Segment Start: THE INPUT
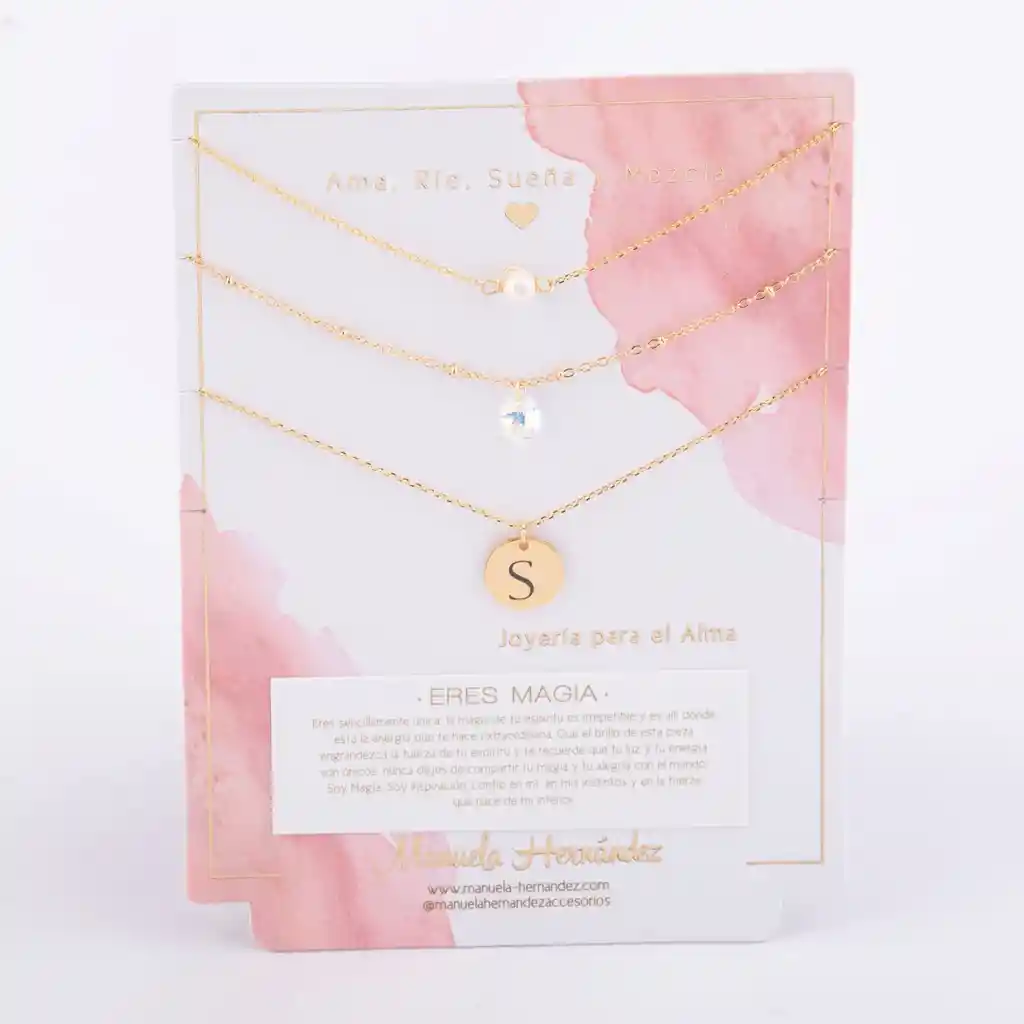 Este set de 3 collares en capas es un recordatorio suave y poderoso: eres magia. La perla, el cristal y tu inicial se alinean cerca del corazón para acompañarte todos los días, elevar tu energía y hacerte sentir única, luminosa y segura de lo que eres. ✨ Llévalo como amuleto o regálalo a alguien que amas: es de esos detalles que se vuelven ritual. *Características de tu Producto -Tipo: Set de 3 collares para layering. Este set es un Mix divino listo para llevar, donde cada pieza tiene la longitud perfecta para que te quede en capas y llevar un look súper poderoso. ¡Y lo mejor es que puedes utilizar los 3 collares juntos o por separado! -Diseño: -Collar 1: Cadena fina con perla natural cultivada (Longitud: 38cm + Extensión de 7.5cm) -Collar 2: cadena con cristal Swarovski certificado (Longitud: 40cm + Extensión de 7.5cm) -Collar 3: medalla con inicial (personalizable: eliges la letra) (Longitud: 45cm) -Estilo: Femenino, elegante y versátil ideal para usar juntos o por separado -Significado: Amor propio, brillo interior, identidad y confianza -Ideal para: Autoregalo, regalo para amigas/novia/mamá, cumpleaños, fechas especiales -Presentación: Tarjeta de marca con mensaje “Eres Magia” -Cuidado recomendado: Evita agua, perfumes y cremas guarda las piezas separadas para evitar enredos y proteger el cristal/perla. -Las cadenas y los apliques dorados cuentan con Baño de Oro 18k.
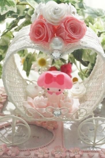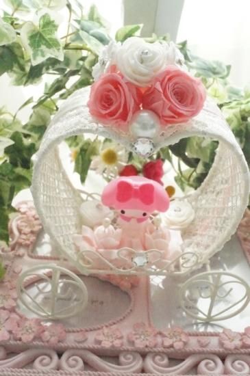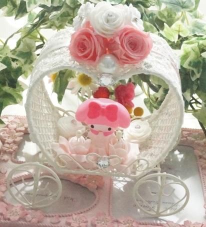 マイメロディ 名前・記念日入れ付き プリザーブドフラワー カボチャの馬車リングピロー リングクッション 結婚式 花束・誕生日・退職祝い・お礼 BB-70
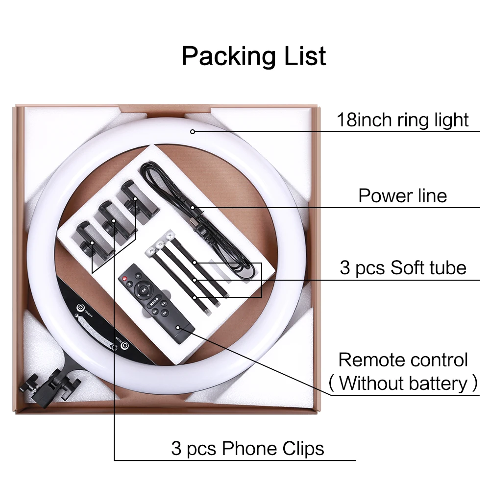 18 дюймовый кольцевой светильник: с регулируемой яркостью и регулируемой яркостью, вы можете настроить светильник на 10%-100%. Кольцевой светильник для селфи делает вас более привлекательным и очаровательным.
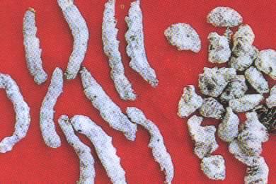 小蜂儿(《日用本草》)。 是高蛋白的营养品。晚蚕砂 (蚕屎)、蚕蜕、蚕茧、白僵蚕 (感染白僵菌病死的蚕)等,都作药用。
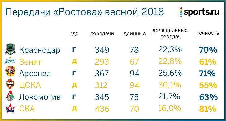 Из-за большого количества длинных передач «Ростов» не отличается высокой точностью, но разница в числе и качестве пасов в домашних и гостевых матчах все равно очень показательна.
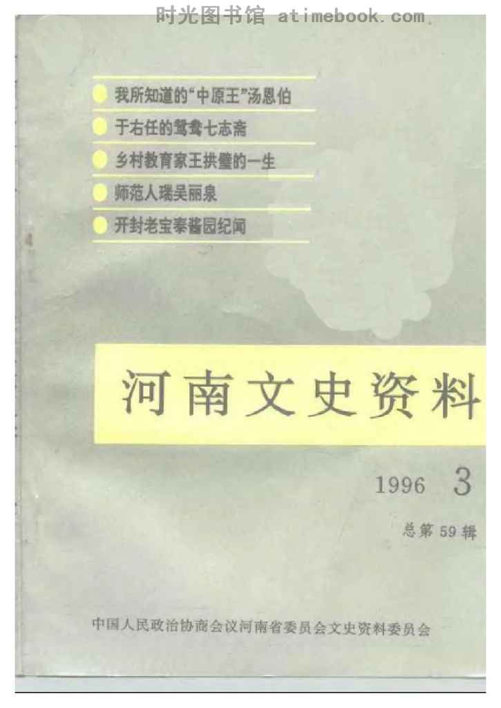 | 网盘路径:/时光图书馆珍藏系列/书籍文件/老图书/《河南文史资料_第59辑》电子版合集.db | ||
Segment End: THE INPUT
Segment Start: THE INPUT
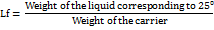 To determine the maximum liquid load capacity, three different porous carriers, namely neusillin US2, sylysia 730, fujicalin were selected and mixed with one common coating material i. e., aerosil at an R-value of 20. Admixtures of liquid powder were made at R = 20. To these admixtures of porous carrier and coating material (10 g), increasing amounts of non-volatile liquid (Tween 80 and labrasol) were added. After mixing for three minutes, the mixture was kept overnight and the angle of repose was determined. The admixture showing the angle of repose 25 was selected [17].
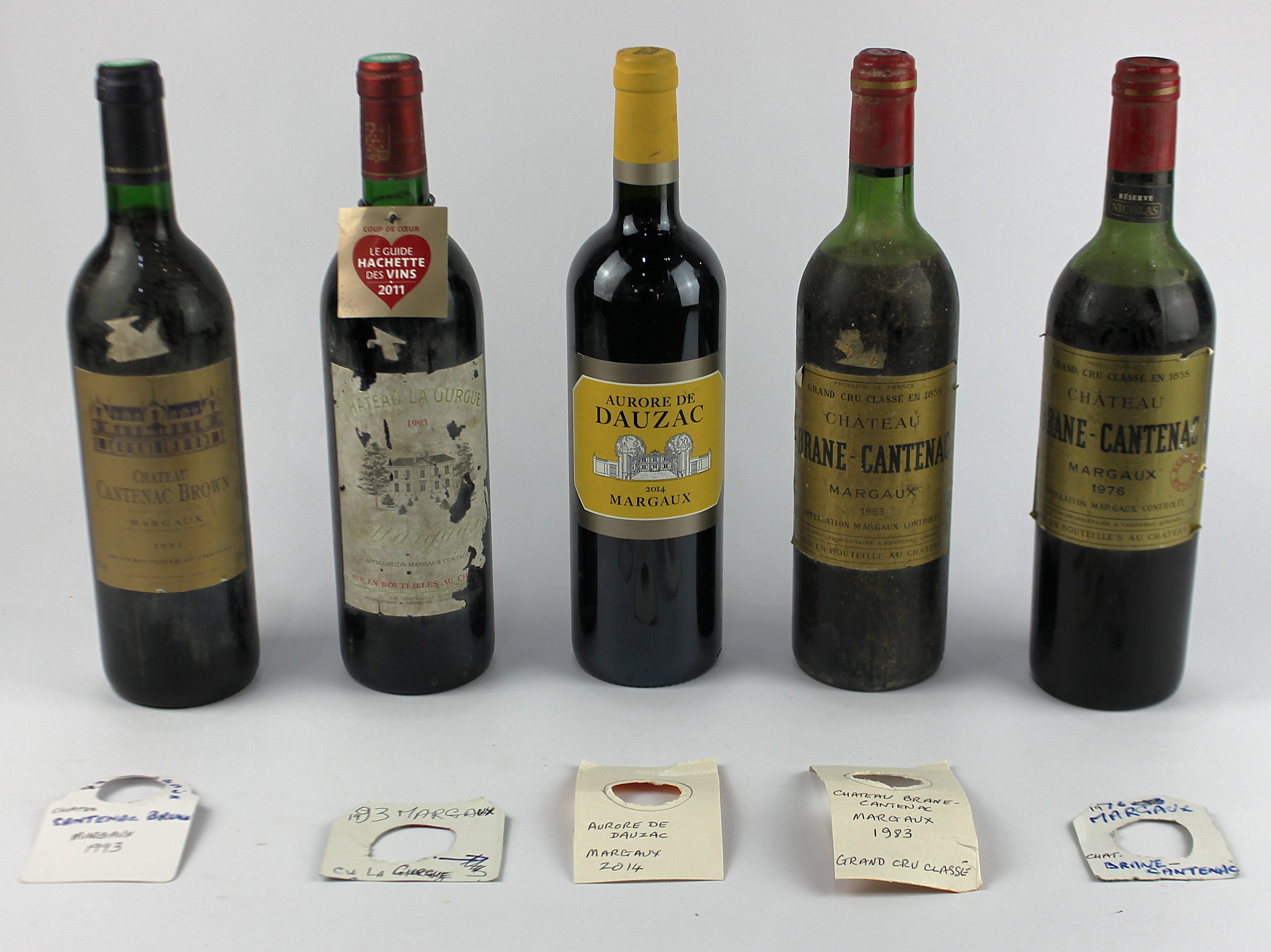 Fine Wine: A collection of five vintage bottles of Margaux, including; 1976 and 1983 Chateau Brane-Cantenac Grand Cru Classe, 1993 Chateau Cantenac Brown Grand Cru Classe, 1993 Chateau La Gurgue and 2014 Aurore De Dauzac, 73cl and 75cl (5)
Segment End: THE INPUT
(WHAT YOU NEED TO DO):
Go back to the lines above and output, exactly as they stand, the ones from the line containing "Из-за большого количества" to the line containing "网盘路径:/时光图书馆珍藏系列/书籍文件/老图书/《河南文史资料_第59辑》电子版合集.db | ||". Leave all pictures behind.

(ANSWER SECTION):
 Из-за большого количества длинных передач «Ростов» не отличается высокой точностью, но разница в числе и качестве пасов в домашних и гостевых матчах все равно очень показательна.
 | 网盘路径:/时光图书馆珍藏系列/书籍文件/老图书/《河南文史资料_第59辑》电子版合集.db | ||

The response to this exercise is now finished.